Could you set down the listing below exactly and omit its images?

═══ PROVIDED DATA

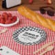 Get ready to celebrate a little bundle of joy with our delightful BBQ baby shower paper plates featuring black typography and black gingham border.
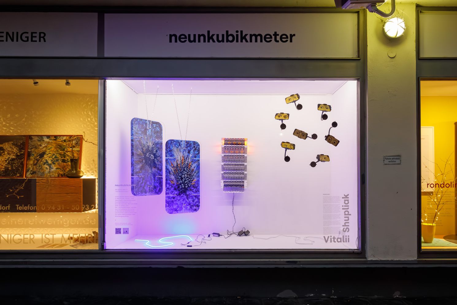 Zum Abschluss seines Aufenthalts in Regensburg präsentiert Shupliak die Ausstellung Periscope in der Schaufenstergalerie "neunkubikmeter". Sein Projekt untersucht den Einfluss sozialer Medien und digitaler Technologien auf unser Verständnis von Realität. Inspiriert durch die Metapher eines Periskops – eines Beobachtungsinstruments, das sowohl Distanz als auch Überwachung suggeriert – stellt die Ausstellung die Spannung zwischen Privatsphäre und Transparenz im digitalen Zeitalter in Frage. Mit einer Kombination aus Hinterglasmalerei und modernen visuellen Elementen thematisiert Shupliak Isolation, Kontrolle und die Manipulation von Informationen und regt die Besucher*innen dazu an, kritisch über ihre Rolle in einer hypervernetzten Gesellschaft nachzudenken.
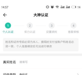 4.进入大神认证,首先填写个人资料,然后就是实力认证,设置资料,客服审核,只要客服审核通过了就可以陪玩了。
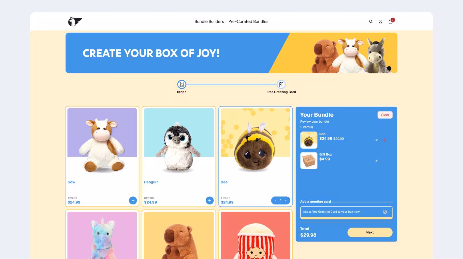 Easy bundle builder is beautifully designed, intuitive, and fits seamlessly with our brand’s gifting experience. What truly stood out was the onboarding support & customer service
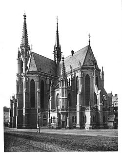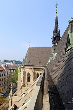 Die Seitenfronten des Langhauses sind durch abgetreppte Strebepfeiler und zweibahnige Maßwerkfenster strukturiert. Hinter einer abschließenden Dreipassbalustrade sind Lichtgaden mit gekuppelten Spitzbogenfenstern zu sehen. Auf beiden Seiten treten etwa 12 Meter lange Querschiffapsiden hervor. Auch diese sind durch zweibahnige Maßwerkfenster gegliedert. Über der Vierung befindet sich ein etwa 60 Meter hoher Vierungsturm aus Holz mit Spitzhelm, der mit Eisenplatten verkleidet ist.[23] Die Chorpartie ist mit einem Kranz durchbrochener Strebepfeiler und einem Umgang mit Maßwerkbalustrade umzogen. In den Winkeln der Querschiffe sind die fünfeckigen Windfänge der Seitenausgänge und rund um den Chorschluss mit Spitzbogenfenstern durch eine Mauer abgetrennt, die polygonalen Räume der Sakristei angeordnet. Dadurch entsteht der Eindruck eines Chorumganges.[23] Die Bildhauerarbeiten stammen von Josef Pokorny.[8]
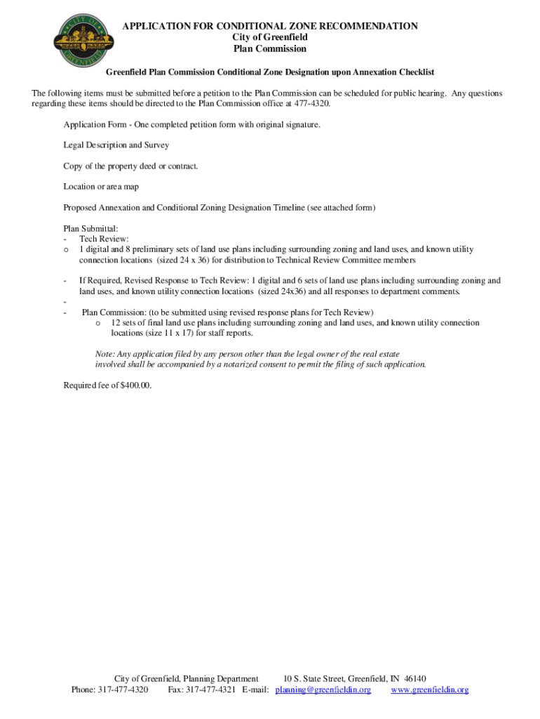 This application outlines the necessary steps and requirements for obtaining a conditional zoning designation upon annexation in the City of Greenfield. It includes details about the required documentation, fees, procedures, and public hearing notifications to facilitate the annexation process.
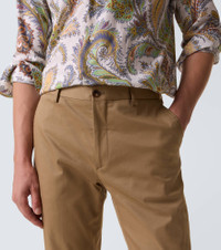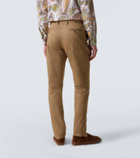 Trust in Etro for expert Italian tailoring. These chinos are crafted from cotton into a slim-leg silhouette. Product Details - Material: 98% cotton, 2% elastane - Care instructions: dry clean - Made in Italy - Designer color name: Khaki - Item color: beige - Pockets: side slit pockets, back pockets - Belt loops - Closure: zipper fly, button fastening - Hem: unfinished (ready for alteration) - Item number: P01049754 Size & Fit - True to size - Non-stretchy fabric - Slim-leg - Unhemmed for tailoring - Height of model is 189cm-74.5" and wears a size 50
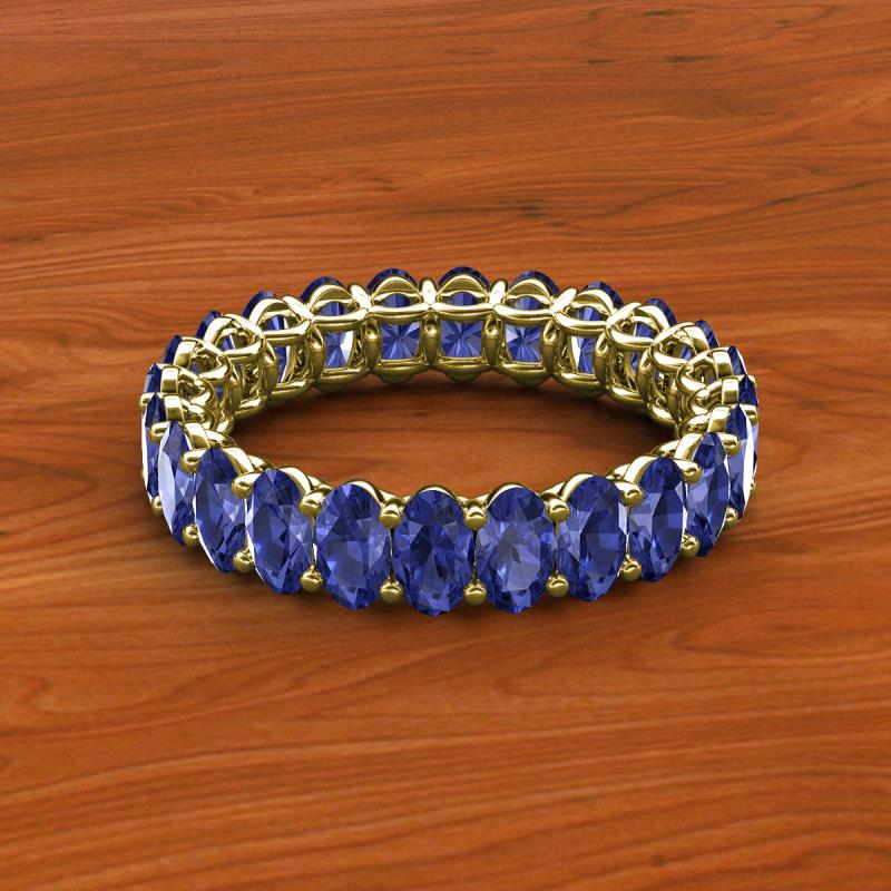 A Jewelry that is designed perfectly to make a truly special and unforgettable gift.This magnificient eternity band follows a series of Oval Shape Iolite that adds up pure glamour and excellence, with side gallery work and shared prong setting it displays a fine contemporary style look. *As per ring size the stone and carat total weight changes.
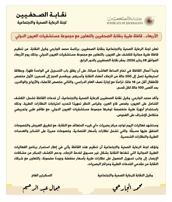 تعلن لجنة الرعاية الصحية والاجتماعية بنقابة الصحفيين، برئاسة محمد الجارحي وكيل النقابة، عن تنظيم قافلة طبية مجانية للكشف على العيون، بالتعاون مع مجموعة مستشفيات العيون الدولي، وذلك يوم الأربعاء الموافق 28 يناير 2026، بمقر نقابة الصحفيين بالدور الرابع.

══════

# RESPONSE TO THE TASK:
 Get ready to celebrate a little bundle of joy with our delightful BBQ baby shower paper plates featuring black typography and black gingham border.
 Zum Abschluss seines Aufenthalts in Regensburg präsentiert Shupliak die Ausstellung Periscope in der Schaufenstergalerie "neunkubikmeter". Sein Projekt untersucht den Einfluss sozialer Medien und digitaler Technologien auf unser Verständnis von Realität. Inspiriert durch die Metapher eines Periskops – eines Beobachtungsinstruments, das sowohl Distanz als auch Überwachung suggeriert – stellt die Ausstellung die Spannung zwischen Privatsphäre und Transparenz im digitalen Zeitalter in Frage. Mit einer Kombination aus Hinterglasmalerei und modernen visuellen Elementen thematisiert Shupliak Isolation, Kontrolle und die Manipulation von Informationen und regt die Besucher*innen dazu an, kritisch über ihre Rolle in einer hypervernetzten Gesellschaft nachzudenken.
 4.进入大神认证,首先填写个人资料,然后就是实力认证,设置资料,客服审核,只要客服审核通过了就可以陪玩了。
 Easy bundle builder is beautifully designed, intuitive, and fits seamlessly with our brand’s gifting experience. What truly stood out was the onboarding support & customer service
 Die Seitenfronten des Langhauses sind durch abgetreppte Strebepfeiler und zweibahnige Maßwerkfenster strukturiert. Hinter einer abschließenden Dreipassbalustrade sind Lichtgaden mit gekuppelten Spitzbogenfenstern zu sehen. Auf beiden Seiten treten etwa 12 Meter lange Querschiffapsiden hervor. Auch diese sind durch zweibahnige Maßwerkfenster gegliedert. Über der Vierung befindet sich ein etwa 60 Meter hoher Vierungsturm aus Holz mit Spitzhelm, der mit Eisenplatten verkleidet ist.[23] Die Chorpartie ist mit einem Kranz durchbrochener Strebepfeiler und einem Umgang mit Maßwerkbalustrade umzogen. In den Winkeln der Querschiffe sind die fünfeckigen Windfänge der Seitenausgänge und rund um den Chorschluss mit Spitzbogenfenstern durch eine Mauer abgetrennt, die polygonalen Räume der Sakristei angeordnet. Dadurch entsteht der Eindruck eines Chorumganges.[23] Die Bildhauerarbeiten stammen von Josef Pokorny.[8]
 This application outlines the necessary steps and requirements for obtaining a conditional zoning designation upon annexation in the City of Greenfield. It includes details about the required documentation, fees, procedures, and public hearing notifications to facilitate the annexation process.
 Trust in Etro for expert Italian tailoring. These chinos are crafted from cotton into a slim-leg silhouette. Product Details - Material: 98% cotton, 2% elastane - Care instructions: dry clean - Made in Italy - Designer color name: Khaki - Item color: beige - Pockets: side slit pockets, back pockets - Belt loops - Closure: zipper fly, button fastening - Hem: unfinished (ready for alteration) - Item number: P01049754 Size & Fit - True to size - Non-stretchy fabric - Slim-leg - Unhemmed for tailoring - Height of model is 189cm-74.5" and wears a size 50
 A Jewelry that is designed perfectly to make a truly special and unforgettable gift.This magnificient eternity band follows a series of Oval Shape Iolite that adds up pure glamour and excellence, with side gallery work and shared prong setting it displays a fine contemporary style look. *As per ring size the stone and carat total weight changes.
 تعلن لجنة الرعاية الصحية والاجتماعية بنقابة الصحفيين، برئاسة محمد الجارحي وكيل النقابة، عن تنظيم قافلة طبية مجانية للكشف على العيون، بالتعاون مع مجموعة مستشفيات العيون الدولي، وذلك يوم الأربعاء الموافق 28 يناير 2026، بمقر نقابة الصحفيين بالدور الرابع.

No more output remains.